Brute Force Approach

A brute force solution would process each user independently. For every distinct user, we could scan the entire table to collect that user's prompts, calculate the count and average, then scan the user's prompts again to determine whether any prompt exceeds the average.

This approach is correct because it explicitly computes all required statistics and directly checks the filtering condition. However, it repeatedly scans the table for each user. If there are U users and N rows, the total work can approach O(U × N), which becomes inefficient as the dataset grows.

Key Insight

The key observation is that all required information is aggregated at the user level.

We need:

Count of prompts per user
Average tokens per user
Whether a maximum token value exceeds the average

Instead of repeatedly scanning the table, we can group rows by user_id once. SQL aggregation functions such as COUNT(), AVG(), and MAX() naturally compute these values.

The condition "at least one prompt greater than the user's average" can be expressed efficiently as:

MAX(tokens) > AVG(tokens)

If the maximum token count is greater than the average, then at least one prompt exceeds the average. If all prompts are equal, then MAX(tokens) = AVG(tokens) and the user should be excluded.
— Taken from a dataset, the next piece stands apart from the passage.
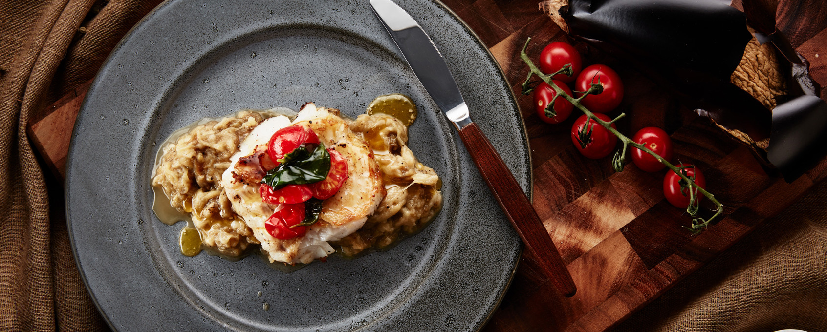 5. Serve the fried fish on top of the aubergine compote and topped with the basil butter and tomatoes.

This allows the entire problem to be solved using a single grouping operation.

Approach	Time Complexity	Space Complexity	Notes
Brute Force	O(U × N)	O(1)	Repeatedly scans rows for each user
Optimal	O(N)	O(U)	Single grouping pass using aggregate functions

Algorithm Walkthrough

Group all rows by user_id.
For each user group, compute:

COUNT(*) as the total number of prompts.
AVG(tokens) as the average token usage.
MAX(tokens) as the largest token count submitted by that user.

Apply the first filter using a HAVING clause:

Keep only users where COUNT(*) >= 3.

Apply the second filter:

Keep only users where MAX(tokens) > AVG(tokens).
This guarantees that at least one prompt has a token count larger than the user's average.

Round the average token count to two decimal places using ROUND().
Sort the remaining rows by:

Average tokens descending.
User ID ascending.

Return the resulting table.

Why it works

The algorithm works because grouping by user_id collects all prompts belonging to the same user into a single aggregate record. COUNT(*) correctly measures prompt frequency, AVG(tokens) computes the user's average token usage, and MAX(tokens) identifies the largest prompt token count.

A user satisfies the second condition exactly when there exists some prompt whose token count exceeds the average. Since the largest token value is the greatest candidate, checking MAX(tokens) > AVG(tokens) is both necessary and sufficient.

Python Solution

LeetCode Database problems are solved using SQL rather than Python. The equivalent SQL solution is:

# This problem is a SQL database problem.
# No Python implementation is required on LeetCode.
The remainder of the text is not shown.